SOURCE MATERIAL
+ + + + +
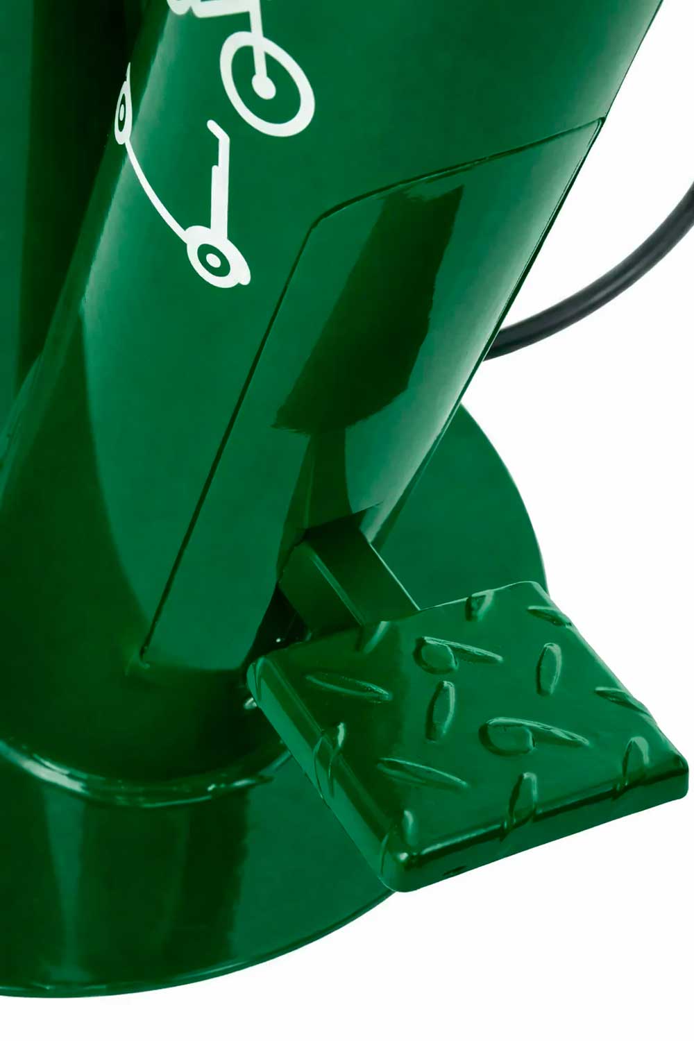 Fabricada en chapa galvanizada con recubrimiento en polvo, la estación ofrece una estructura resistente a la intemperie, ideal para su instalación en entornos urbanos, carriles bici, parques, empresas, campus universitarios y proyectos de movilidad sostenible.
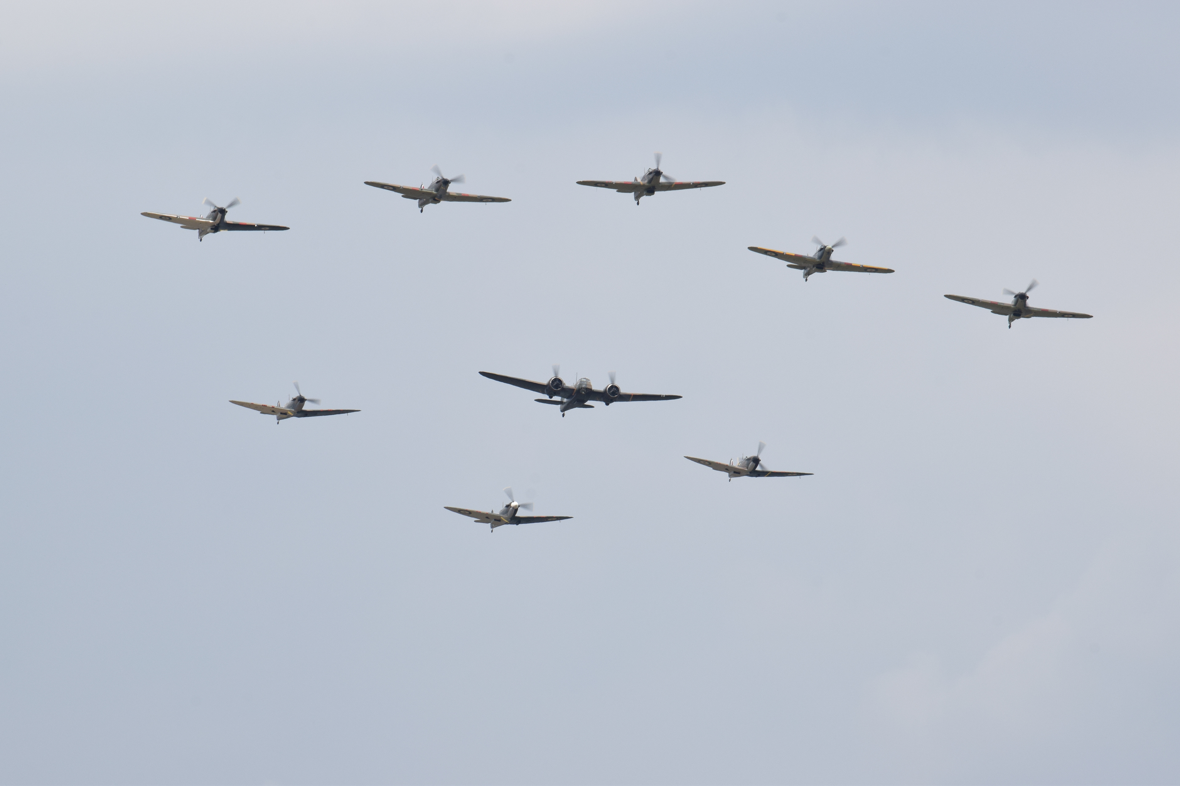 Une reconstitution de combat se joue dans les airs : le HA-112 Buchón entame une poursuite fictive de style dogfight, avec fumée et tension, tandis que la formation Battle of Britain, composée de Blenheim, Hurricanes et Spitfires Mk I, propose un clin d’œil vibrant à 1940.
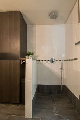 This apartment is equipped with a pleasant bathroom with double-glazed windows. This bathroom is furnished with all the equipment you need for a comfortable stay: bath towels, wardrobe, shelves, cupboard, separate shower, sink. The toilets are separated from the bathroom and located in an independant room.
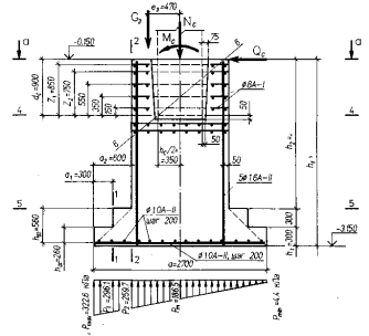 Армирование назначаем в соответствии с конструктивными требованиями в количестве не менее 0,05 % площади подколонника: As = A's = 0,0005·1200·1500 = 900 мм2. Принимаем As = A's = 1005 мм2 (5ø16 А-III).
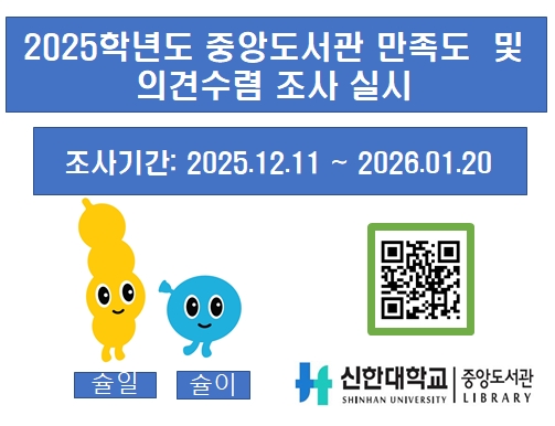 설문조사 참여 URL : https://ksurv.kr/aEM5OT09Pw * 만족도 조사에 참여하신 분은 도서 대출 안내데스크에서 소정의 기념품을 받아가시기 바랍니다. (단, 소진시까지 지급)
+ + + + +
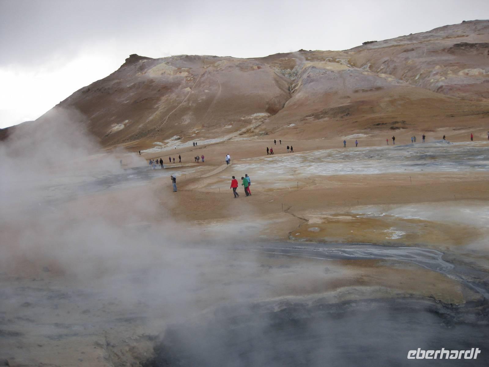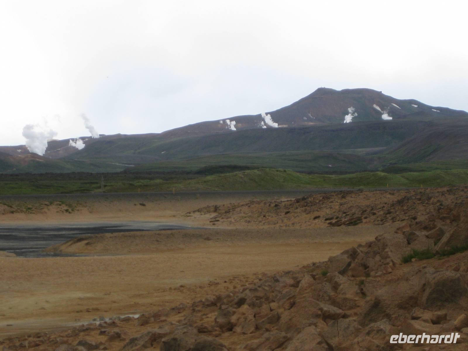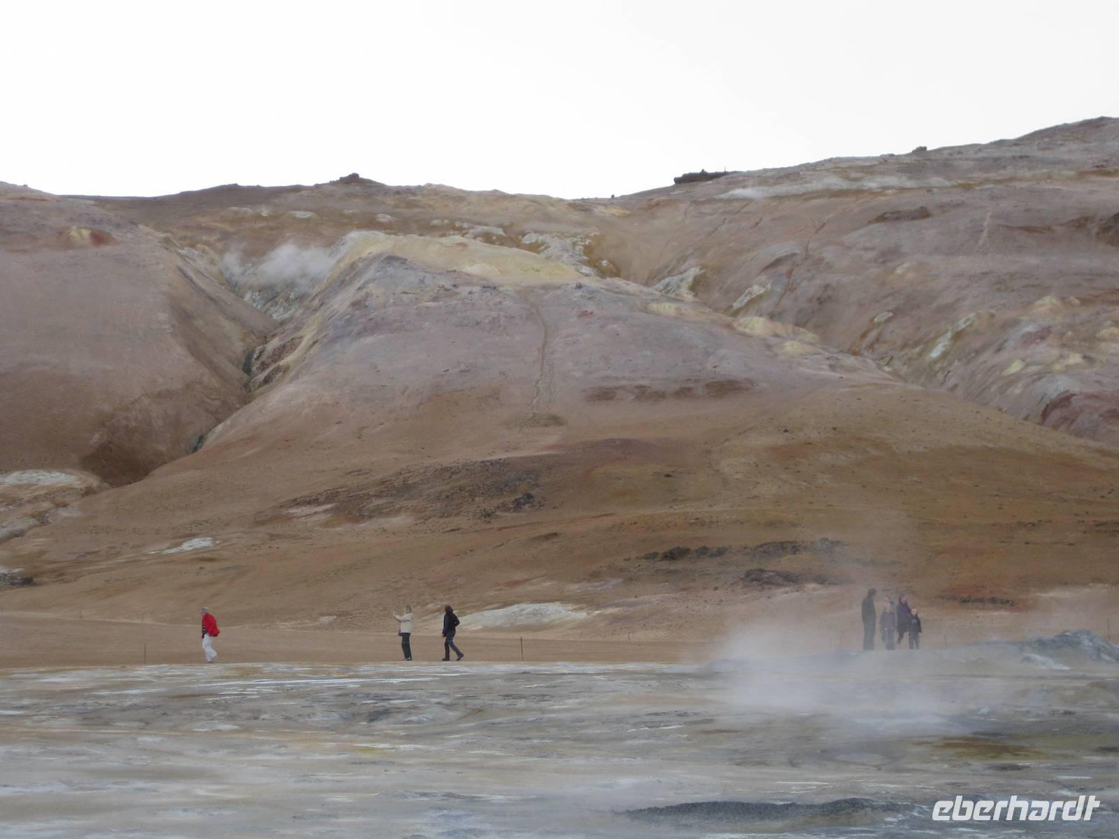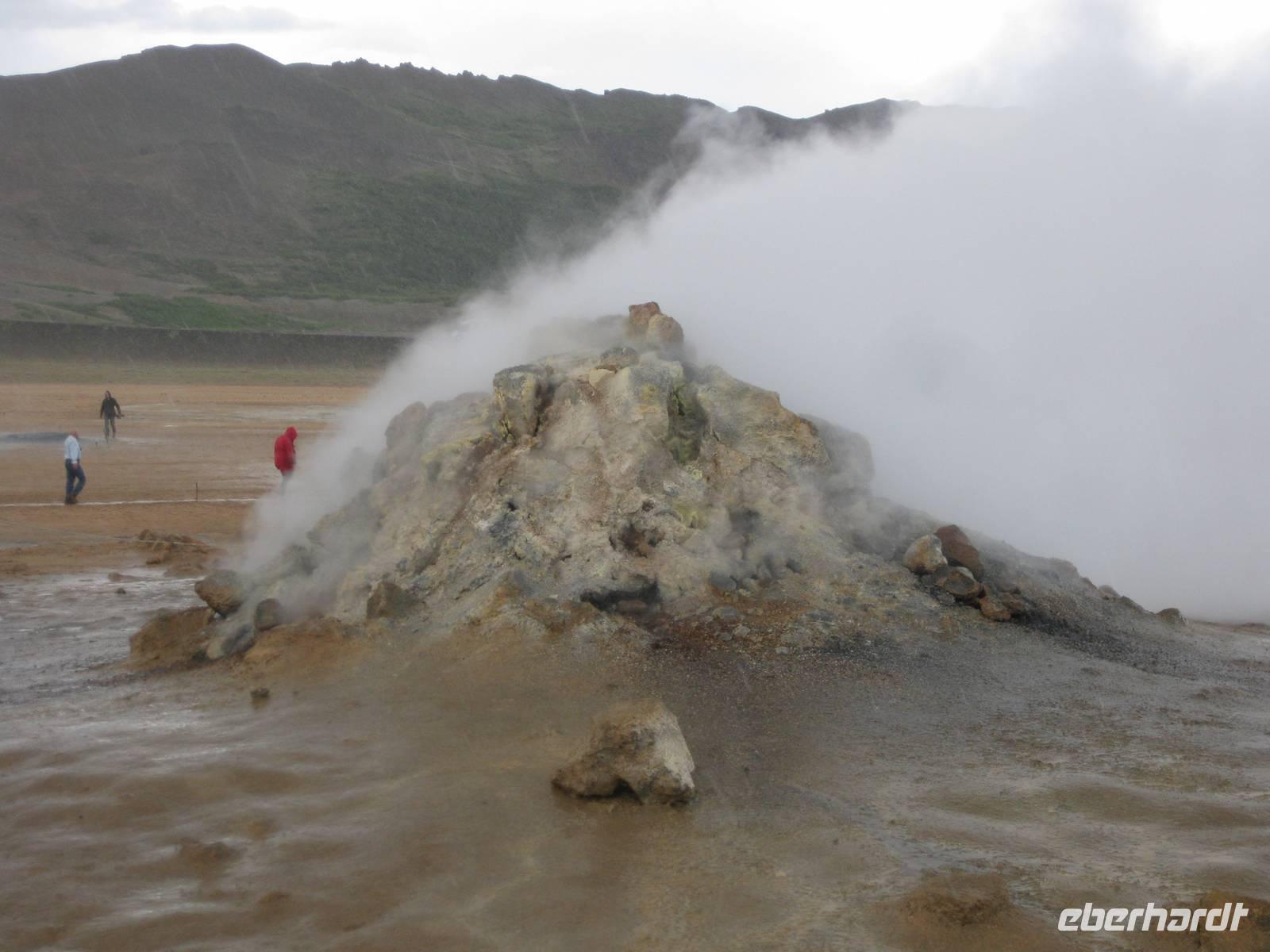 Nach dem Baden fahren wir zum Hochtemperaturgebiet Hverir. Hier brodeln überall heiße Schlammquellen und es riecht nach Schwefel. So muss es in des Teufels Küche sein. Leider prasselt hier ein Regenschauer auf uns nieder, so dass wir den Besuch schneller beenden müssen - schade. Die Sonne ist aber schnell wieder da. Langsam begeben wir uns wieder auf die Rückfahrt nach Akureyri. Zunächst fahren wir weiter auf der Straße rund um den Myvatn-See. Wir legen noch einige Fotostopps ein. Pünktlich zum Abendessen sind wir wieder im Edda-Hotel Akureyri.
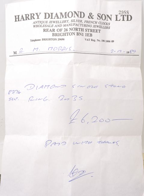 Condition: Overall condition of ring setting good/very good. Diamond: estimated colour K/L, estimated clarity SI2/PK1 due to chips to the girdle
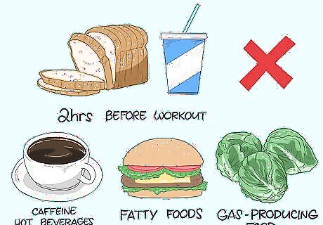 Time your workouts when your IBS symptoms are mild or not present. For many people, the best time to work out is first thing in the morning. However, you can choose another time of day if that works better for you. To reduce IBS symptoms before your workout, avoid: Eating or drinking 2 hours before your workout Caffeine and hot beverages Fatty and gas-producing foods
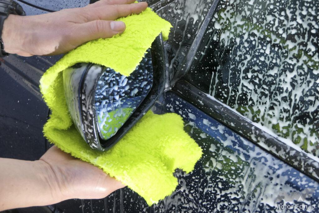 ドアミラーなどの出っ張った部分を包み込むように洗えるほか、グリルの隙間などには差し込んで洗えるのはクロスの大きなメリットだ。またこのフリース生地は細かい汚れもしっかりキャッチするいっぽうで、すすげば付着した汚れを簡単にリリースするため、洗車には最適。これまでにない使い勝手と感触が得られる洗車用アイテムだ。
+ + + + +
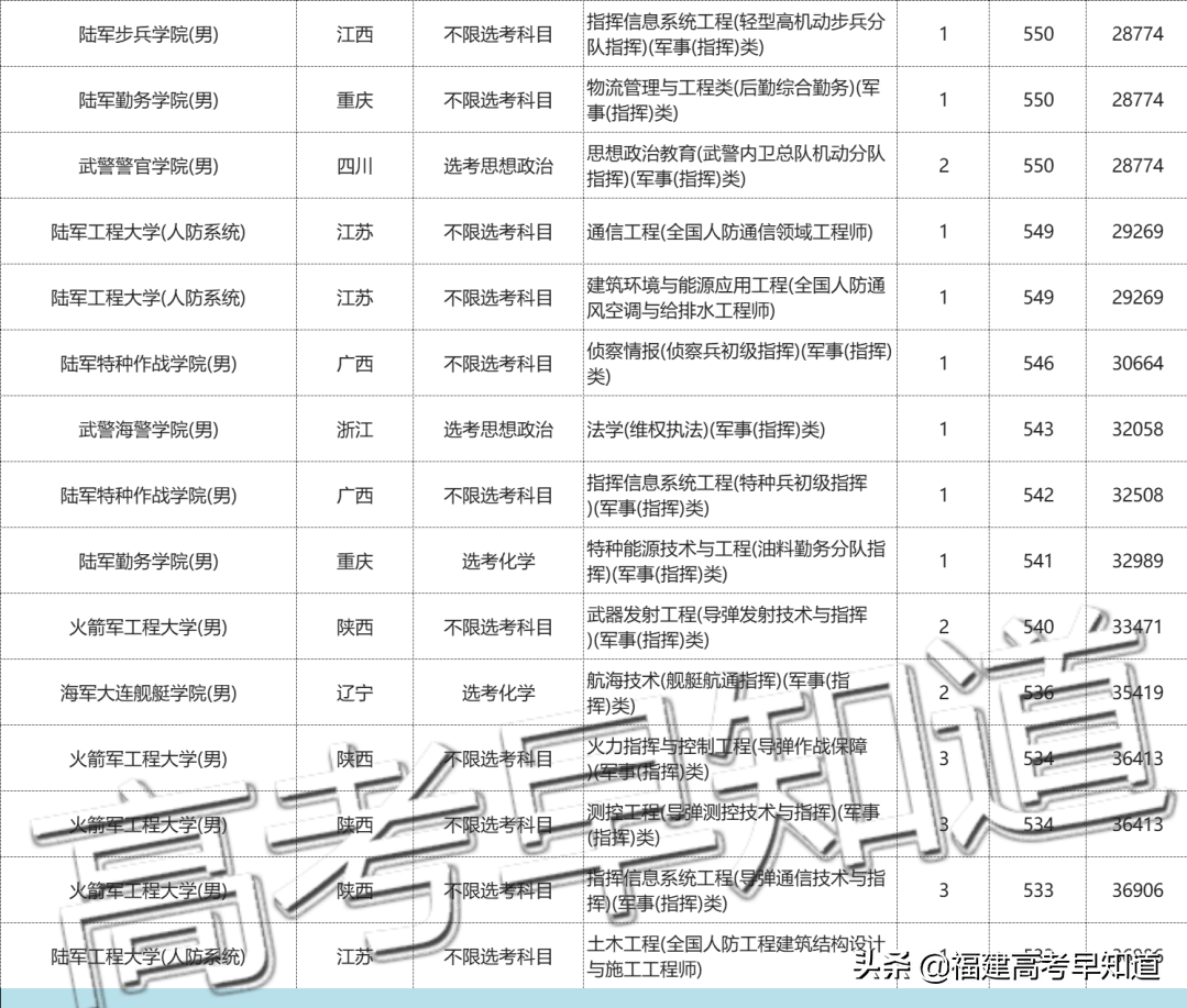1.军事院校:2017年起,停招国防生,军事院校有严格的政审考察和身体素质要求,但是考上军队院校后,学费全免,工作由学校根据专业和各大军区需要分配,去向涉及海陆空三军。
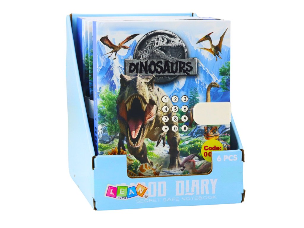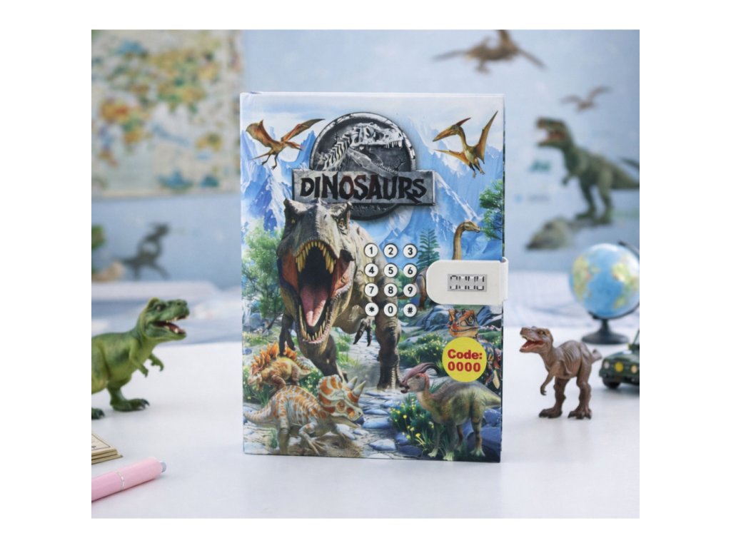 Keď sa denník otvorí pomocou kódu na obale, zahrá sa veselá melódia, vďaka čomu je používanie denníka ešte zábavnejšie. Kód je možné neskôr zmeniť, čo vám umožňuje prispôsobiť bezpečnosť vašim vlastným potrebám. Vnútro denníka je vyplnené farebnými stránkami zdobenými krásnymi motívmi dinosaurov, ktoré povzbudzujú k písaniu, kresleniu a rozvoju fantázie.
+ + + + +
Copy nothing but the lines above from the one with "Fabricada en chapa" to the one with "설문조사 참여 URL", inclusive, word for word. Leave every picture out.

PROBLEM SOLUTION
 Fabricada en chapa galvanizada con recubrimiento en polvo, la estación ofrece una estructura resistente a la intemperie, ideal para su instalación en entornos urbanos, carriles bici, parques, empresas, campus universitarios y proyectos de movilidad sostenible.
 Une reconstitution de combat se joue dans les airs : le HA-112 Buchón entame une poursuite fictive de style dogfight, avec fumée et tension, tandis que la formation Battle of Britain, composée de Blenheim, Hurricanes et Spitfires Mk I, propose un clin d’œil vibrant à 1940.
 This apartment is equipped with a pleasant bathroom with double-glazed windows. This bathroom is furnished with all the equipment you need for a comfortable stay: bath towels, wardrobe, shelves, cupboard, separate shower, sink. The toilets are separated from the bathroom and located in an independant room.
 Армирование назначаем в соответствии с конструктивными требованиями в количестве не менее 0,05 % площади подколонника: As = A's = 0,0005·1200·1500 = 900 мм2. Принимаем As = A's = 1005 мм2 (5ø16 А-III).
 설문조사 참여 URL : https://ksurv.kr/aEM5OT09Pw * 만족도 조사에 참여하신 분은 도서 대출 안내데스크에서 소정의 기념품을 받아가시기 바랍니다. (단, 소진시까지 지급)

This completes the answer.